* [Directions for this task]
Would you repeat the listing exactly, without any of its images?

* [Material provided]
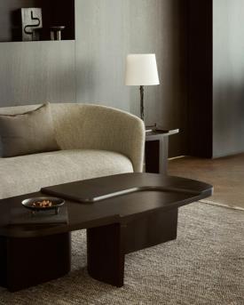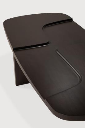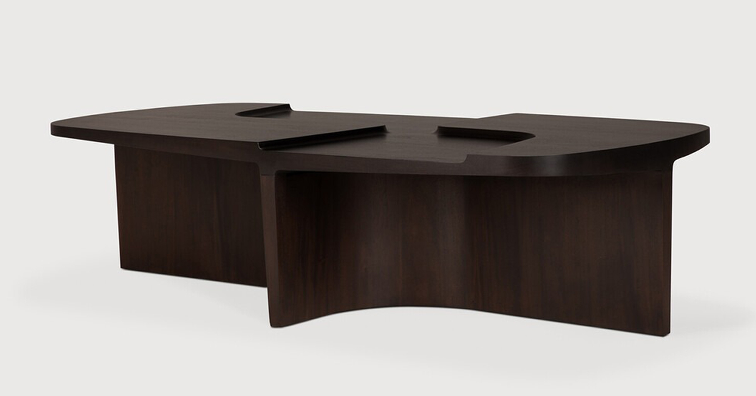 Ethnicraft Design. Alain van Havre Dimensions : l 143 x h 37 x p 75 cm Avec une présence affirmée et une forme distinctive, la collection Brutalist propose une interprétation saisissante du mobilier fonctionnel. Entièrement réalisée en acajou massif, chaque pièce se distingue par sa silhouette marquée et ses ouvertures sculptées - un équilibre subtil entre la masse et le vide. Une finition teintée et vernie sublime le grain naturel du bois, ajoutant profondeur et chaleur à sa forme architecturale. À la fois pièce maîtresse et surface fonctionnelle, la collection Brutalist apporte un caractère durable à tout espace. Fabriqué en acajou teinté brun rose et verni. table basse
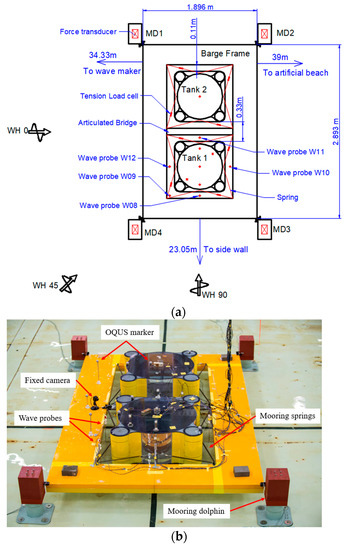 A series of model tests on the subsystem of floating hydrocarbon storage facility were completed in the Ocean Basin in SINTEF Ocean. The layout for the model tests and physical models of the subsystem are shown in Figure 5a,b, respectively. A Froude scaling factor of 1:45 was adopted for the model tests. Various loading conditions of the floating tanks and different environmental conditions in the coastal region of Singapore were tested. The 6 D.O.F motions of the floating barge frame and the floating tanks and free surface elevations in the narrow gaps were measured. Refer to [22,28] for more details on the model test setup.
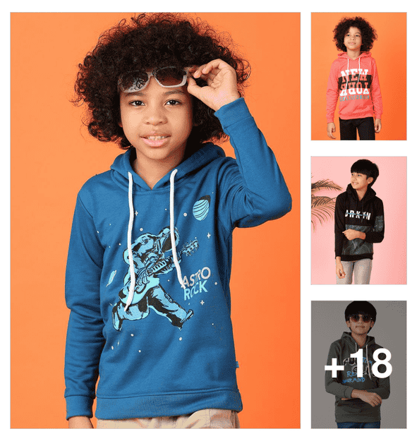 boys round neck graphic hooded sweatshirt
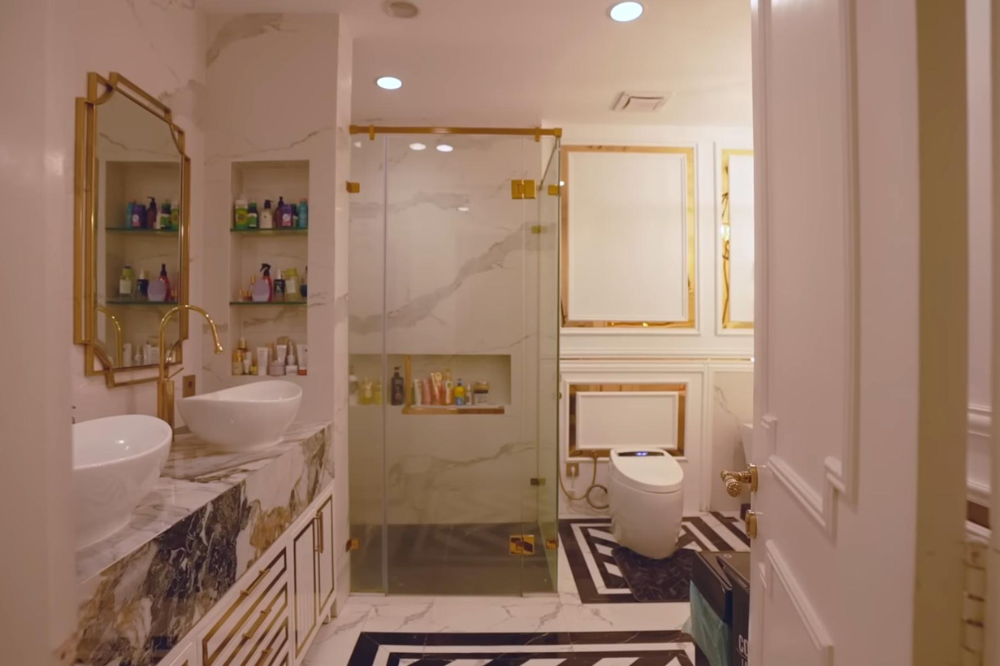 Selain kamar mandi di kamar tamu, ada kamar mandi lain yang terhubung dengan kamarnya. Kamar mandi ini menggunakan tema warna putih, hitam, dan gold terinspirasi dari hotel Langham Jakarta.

* [Task result]
 Ethnicraft Design. Alain van Havre Dimensions : l 143 x h 37 x p 75 cm Avec une présence affirmée et une forme distinctive, la collection Brutalist propose une interprétation saisissante du mobilier fonctionnel. Entièrement réalisée en acajou massif, chaque pièce se distingue par sa silhouette marquée et ses ouvertures sculptées - un équilibre subtil entre la masse et le vide. Une finition teintée et vernie sublime le grain naturel du bois, ajoutant profondeur et chaleur à sa forme architecturale. À la fois pièce maîtresse et surface fonctionnelle, la collection Brutalist apporte un caractère durable à tout espace. Fabriqué en acajou teinté brun rose et verni. table basse
 A series of model tests on the subsystem of floating hydrocarbon storage facility were completed in the Ocean Basin in SINTEF Ocean. The layout for the model tests and physical models of the subsystem are shown in Figure 5a,b, respectively. A Froude scaling factor of 1:45 was adopted for the model tests. Various loading conditions of the floating tanks and different environmental conditions in the coastal region of Singapore were tested. The 6 D.O.F motions of the floating barge frame and the floating tanks and free surface elevations in the narrow gaps were measured. Refer to [22,28] for more details on the model test setup.
 boys round neck graphic hooded sweatshirt
 Selain kamar mandi di kamar tamu, ada kamar mandi lain yang terhubung dengan kamarnya. Kamar mandi ini menggunakan tema warna putih, hitam, dan gold terinspirasi dari hotel Langham Jakarta.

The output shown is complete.